Then they'll get an unhappy EG back. Suns aren't gonna force it. They'll sign a stop gap and go back into FA next yr.


----------



## R-Star

*Re: Update: Eric Gordon to sign 4-yr/$58M MAX offer sheet from PHX*



Knicks4life said:


> It does not matter want he wants its going to take more than Marshall and the Laker first to get the Hornets not to match.


Exactly. I'm pretty tired of these "They better take it OR ELSE!" quotes I hear all the time around here.


----------



## R-Star

*Re: Update: Eric Gordon to sign 4-yr/$58M MAX offer sheet from PHX*



Dissonance said:


> Then they'll get an unhappy EG back. Suns aren't gonna force it. They'll sign a stop gap and go back into FA next yr.

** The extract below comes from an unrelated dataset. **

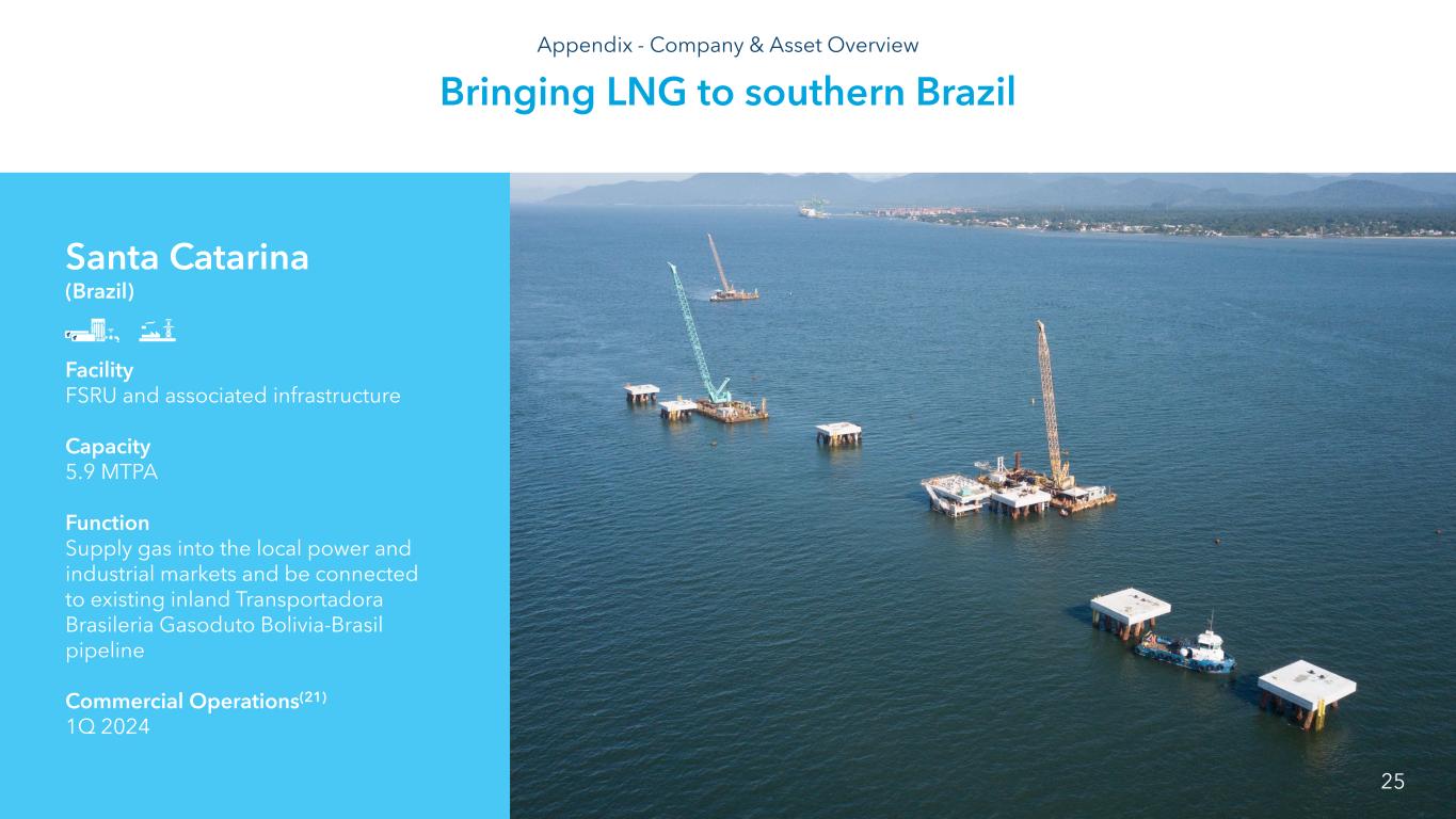 Supplying the Amazon river basin with cleaner energy Appendix - Company & Asset Overview Barcarena (Brazil) Facility FSRU and associated infrastructure & power plant Capacity 5.9 MTPA (FSRU) | 624 MW (power plant) Function Supply gas to Alunorte Alumina Refinery owend by Norsk Hydro ASA and NFE Barcarena Power Plant Commercial Operations(21) 4Q 2023 (FSRU) 2025 (power plant) 24

Then that's exactly what they'll get. Do you think Gordon will just quit playing and end his career if NO keeps him?


----------



## R-Star

*Re: Update: Eric Gordon to sign 4-yr/$58M MAX offer sheet from PHX*



Dissonance said:


> http://www.nola.com/hornets/index.ssf/2012/07/new_orleans_hornets_guard_eric_21.html#incart_river


I'm pretty disappointed with this talk. He sounds like a spoiled brat.


----------



## Dissonance

*Re: Update: Eric Gordon to sign 4-yr/$58M MAX offer sheet from PHX*



R-Star said:


> Then that's exactly what they'll get. Do you think Gordon will just quit playing and end his career if NO keeps him?


Oh, no, course not. But it's usualy not good for bball. Apparently, players seem to get to dictate everything. This is the first time I'm on the otherside of it. A player actually wants to come here lol. 

I wouldn't be surprised if they dealt him before his player option Suns put in yr 4 if they matched him.


----------



## Dissonance

*Re: Update: Eric Gordon to sign 4-yr/$58M MAX offer sheet from PHX*



R-Star said:


> I'm pretty disappointed with this talk. He sounds like a spoiled brat.


True. Doesn't look good. I think he's doing it purposely so it creates a firestorm enough to get em to not match. Wrong or not. Never heard about stuff like this from him before. Not that I followed him closely.


----------



## Hyperion

*Re: Update: Eric Gordon to sign 4-yr/$58M MAX offer sheet from PHX*



R-Star said:


> I'm pretty disappointed with this talk. He sounds like a spoiled brat.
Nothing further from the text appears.